JPMorgan Chase & Co. CEO Jamie Dimon is among the attendees, one of the officials said, speaking on condition of anonymity to detail the president’s plans. Nasdaq Inc.’s Adena Friedman was also among the chief executive officers invited, along with BlackRock Inc.’s Larry Fink and Morgan Stanley’s Ted Pick, according to people briefed on the event. 

Spokespeople for the companies declined to comment or didn’t respond to requests for comment outside of normal business hours. CBS News reported the dinner earlier Tuesday.

The White House listed a private dinner hosted by Trump at 7:30pm local time on the president’s daily public schedule.

The dinner comes as Trump faces rising political pressure on the economy and affordability — issues that anchored Democratic electoral wins in New Jersey and Virginia last week.

Trump boosted his support among Wall Street’s elite in the 2024 campaign with promises to lower taxes and enact sweeping deregulation that spurred optimism over his economic agenda. While Trump signed into law a tax cut measure that made permanent many provisions favored by business and has moved to scale back government regulations, other policies have tested that relationship.

Trump’s sweeping country-by-country and sectoral tariffs have rattled financial markets and raised costs on imported goods. His attacks on Federal Reserve Chair Jerome Powell have raised worries about the autonomy of the central bank. And a crackdown on immigration, including new, high fees for visas designed to bring in top talent, risks straining businesses' labour supply. 
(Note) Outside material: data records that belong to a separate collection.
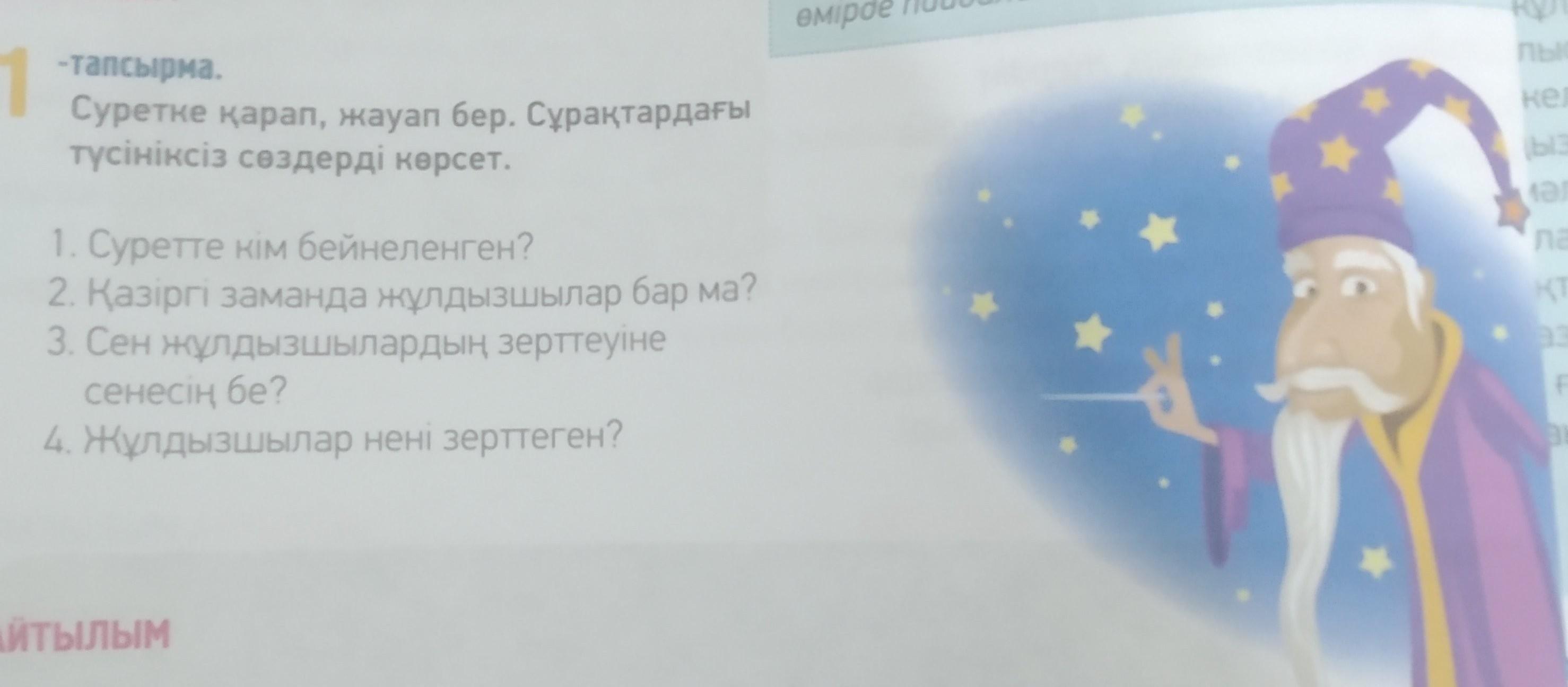 1-тапсырма. Суретке қарап, жауап бер. Сұрақтардағы түсініксіз сөздерді көрсет. 1. Суретте кім бейнеленген? 2. Қазіргі заманда жұлдызшылар бар ма? 3. Сен жұлдызшылардың зерттеуіне сенесің бе? 4. Жұлдызшылар нені зерттеген?
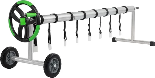 Outvita Juego de carretes de cubierta de piscina de 18 pies, rodillo de aluminio de cubierta solar con ruedas de goma para piscinas al aire libre
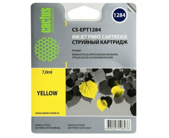 Картридж струйный Cactus CS-EPT1284 желтый для Epson Stylus S22/SX125/SX420/SX425 (7ml)

The president has also targeted banks over what he’s termed political discrimination, acting against practices that he said caused some conservatives to be denied access to financial services for ideological reasons, even as the nation’s top financial institutions have denied rejecting business on such grounds.

Trump and Dimon have had an at times contentious relationship, but the two have tempered their remarks more recently. The president and CEO met in July at the Oval Office, where the two discussed the economy and regulation.

Trump has touted visits by other corporate leaders to the White House throughout his term to highlight domestic projects as he looks to bolster manufacturing at home. 

In September, he held a dinner with tech industry executives including Meta Platforms Inc.’s Mark Zuckerberg and Apple Inc.’s Tim Cook, that saw Silicon Valley leaders pledge to boost investments in the US, in particular on artificial intelligence, a sector the administration has sought to bolster.